If several replacements are relevant, these are all applied. E.g. a rule like 't' => 'k' will apply
to tysteste (for kyskeste 'chastest, most chaste') to form the correct kyskeste in the context of a
reference token like 'kyfkefte' due to the "k"s in position 1 and 4 corresponding to "t"s in the
input. Thus, the s'es in the original input (underlined) would remain untouched, while a
subset of the t's (italicized) would be replaced with reference to the alternative OCR: tysteste.
As a final step, we applied the SymSpell spelling error correction algorithm in an
attempt to correct some of the remaining errors.4 The most important factor for SymSpell's
correction quality is the quality of the frequency dictionary employed. The more
representative of the input text, the better. We hand-crafted a frequency dictionary through a
series of iterations, and eventually arrived at the following composition. The basis for our
dictionary was a word form list generated from the Danish reference dictionary Ordbog over
det danske Sprog (ODS).5 Words of a length shorter than 4 characters were removed in order
to remove a lot of esoteric short word forms. This word list was updated with frequency
information (and missing word forms) generated from a collection of scholarly edited 19th
century novels from the Danish Arkiv for Dansk Litteratur “Archive for Danish Literature”,6
plus a scholarly edited collection of Danish literary critic Georg Brandes' complete works.7
Word forms on the ODS list not present in these sources were assigned a frequency of 1.
Then, the list was augmented with frequencies from a 19m word collection of raw OCR-
processed novels (in both Antiqua and Fraktur) from the period. The assumption here was
that within an archive, a given word will be recognised correctly by the OCR software more
frequently than misrecognised (cf. [18]). After some experimentation, it turned out that only
words in the lower end of the frequency spectrum yielded any improvement. So, words
within the collection with frequencies of between 3 and 42 were substituted in (their
frequencies were normalized to the frequencies already on the list).
Finally, all correctly spelled person names were extracted from the gold standard texts
and added with a relatively high, arbitrary frequency (if not already present).

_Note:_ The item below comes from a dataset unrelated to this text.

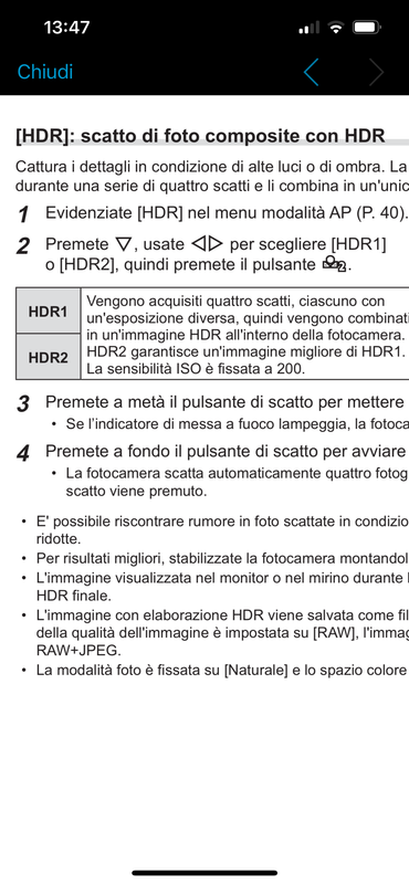 In realtà sul manuale è scritto che se selezioni la modalità HDR gli ISO sono fissati a 200, quindi è normale che Auto non vada (ma neanche gli altri valori).

Names are
obviously relevant for a spelling dictionary but not usually to be found in regular dictionaries.
We extracted the names by searching for quotatives like 'said', 'answered', etc.; searching for
uppercase initials would be useless since all nouns were uppercased in 19th century Danish.
The resulting dictionary was lowercased, and the Danish character "å" replaced with the
period equivalent "aa" (since "Å"/"å" was not introduced into Danish orthography until
1948).
The pipeline was run on one page of uncorrected Fraktur.traineddata output from each
of 60 novels, and then compared to a gold standard consisting of the same 60 pages corrected
by hand. We present the results in the next section.
4
https://github.com/wolfgarbe/SymSpell, see Python package symspellpy.
5
https://ordnet.dk/ods
6
https://tekster.kb.dk/adl
7
https://georgbrandes.dk
180
4. Results
The OCR correction pipeline described above was designed to produce a corpus file suitable
for the Corpus Workbench system.8 The corpus file contains a multitude of annotation layers
with token-level error categorizations and error statistics for the various OCR sources – thus
simultaneously serving as the source of a searchable and explorable OCR error corpus and as
a dataset from which to extract relevant statistics (overall word error rates, etc.).9 Here is a
summary of the annotations:
• Overall annotations: word: Basic token layer; hand-corrected token (gold standard).
lineword: Consecutive number of word on page line. line: Consecutive number of
line on book page. page: Book page number. novel_id: Unique identifier of relevant
novel. sentword: Consecutive number of word in sentence. lemma: Lemma of
word. pos: Part of speech of word. gold_infreq: Whether word is in the frequency
dictionary used by SymSpell.
• Annotations for each OCR source ("Fraktur", "dan", "frk", "kb", and last, but not
least, "corr", i.e., the automatically corrected output of the pipeline, yielding 5 x 7 =
35 additional annotation layers):
o ocrtok: output token of the given OCR source.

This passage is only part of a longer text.